So I was puttering around on Kickstarter and I found this:

Alright…tell me more.

Today’s Kickstarter highlight is for a four part comic book mini series called “Girls Heist Out”.  According to the description the girl who is swan diving off the balcony is named Julia who has just been set up by her boyfriend (although I would assume ex boyfriend at this point) and has to make a quick escape.  The series follows Julia as she recruits three other women to take revenge on her boyfriend and steal his stuff away from him.

"Trust is easy to lose, hard to win, but always, always valuable."                "Think retweeting their account info will be distracting enough?"               "You're about to learn the difference between being beaten by a girl and being beaten. By a girl."

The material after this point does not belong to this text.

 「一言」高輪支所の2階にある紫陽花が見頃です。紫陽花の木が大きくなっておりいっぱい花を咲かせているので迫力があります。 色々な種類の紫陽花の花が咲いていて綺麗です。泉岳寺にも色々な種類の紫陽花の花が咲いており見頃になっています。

I would talk more about the comic if the description wasn’t so frustratingly vague (am I going to have to donate to this campaign?  Because I think I’m going to have to donate in order to learn what happens next.)

Kickstarter campaign link:  https://www.kickstarter.com/projects/327614846/girls-heist-out?ref=category_newest

Why I like it

This is one of my favorite movies.

I like it because it’s well written, well paced, well directed, and the actors have some of the best chemistry I’ve ever seen.  It’s a bunch of whip smart guys coming together to solve a problem in a whip smart way that results in the main characters winning, the bad guys losing, and nobody getting hurt.

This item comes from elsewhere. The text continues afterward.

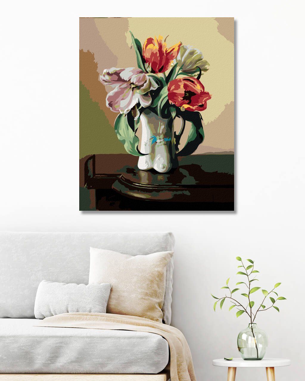 Maľovanie podľa čísel - ZÁTIŠIE TULIPÁNY V PORCELÁNOVEJ VÁZE NA STOLE (PIETER WAGEMANS)

You know what else I’ve been doing recently?  Reading Robert Kirkman’s Thief of Thieves.

Not as whip smart or as funny as Ocean’s Eleven but it is still an amazing book and does a fantastic job of bringing the reader into the life of a group of people who make a living stealing things.

While I don’t know much about Girl’s Heist Out everything I’ve seen reminds me of these two stories and that is some of the highest praise I can give.

Why you should donate

I could go on about how comic books could use more stories centered around women, I could go on about how the crime genre is one of the best kinds of stories for comic books, and I could go on about how it’s important for the health of the comic book medium to support indie creators and branch out into new and exciting stories but I’m not going to.

I’m not going to do that because better writers than me have done that already and I don’t think  the discussion needs another voice added to the mix.  What I am going to do is leave you with a screenshot of a tweet from John Rogers, creator of the tv show Leverage.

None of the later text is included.